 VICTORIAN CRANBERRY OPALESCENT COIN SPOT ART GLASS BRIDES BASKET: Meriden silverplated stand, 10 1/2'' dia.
★ ★ ★
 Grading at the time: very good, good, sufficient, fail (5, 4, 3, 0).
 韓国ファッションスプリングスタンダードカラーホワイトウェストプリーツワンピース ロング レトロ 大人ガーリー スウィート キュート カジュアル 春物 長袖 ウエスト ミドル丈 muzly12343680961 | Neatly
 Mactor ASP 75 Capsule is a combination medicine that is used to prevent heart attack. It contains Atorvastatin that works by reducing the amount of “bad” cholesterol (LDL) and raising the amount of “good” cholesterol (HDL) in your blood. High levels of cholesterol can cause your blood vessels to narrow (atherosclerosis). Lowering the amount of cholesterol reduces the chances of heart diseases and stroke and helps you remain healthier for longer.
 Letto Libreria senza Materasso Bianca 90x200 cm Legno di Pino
★ ★ ★
Proceeding from the line containing "Grading at the" through the line containing "Letto Libreria senza", transcribe the lines above exactly, both end lines included.

- [SOLUTION TO THIS PROBLEM]:
 Grading at the time: very good, good, sufficient, fail (5, 4, 3, 0).
 韓国ファッションスプリングスタンダードカラーホワイトウェストプリーツワンピース ロング レトロ 大人ガーリー スウィート キュート カジュアル 春物 長袖 ウエスト ミドル丈 muzly12343680961 | Neatly
 Mactor ASP 75 Capsule is a combination medicine that is used to prevent heart attack. It contains Atorvastatin that works by reducing the amount of “bad” cholesterol (LDL) and raising the amount of “good” cholesterol (HDL) in your blood. High levels of cholesterol can cause your blood vessels to narrow (atherosclerosis). Lowering the amount of cholesterol reduces the chances of heart diseases and stroke and helps you remain healthier for longer.
 Letto Libreria senza Materasso Bianca 90x200 cm Legno di Pino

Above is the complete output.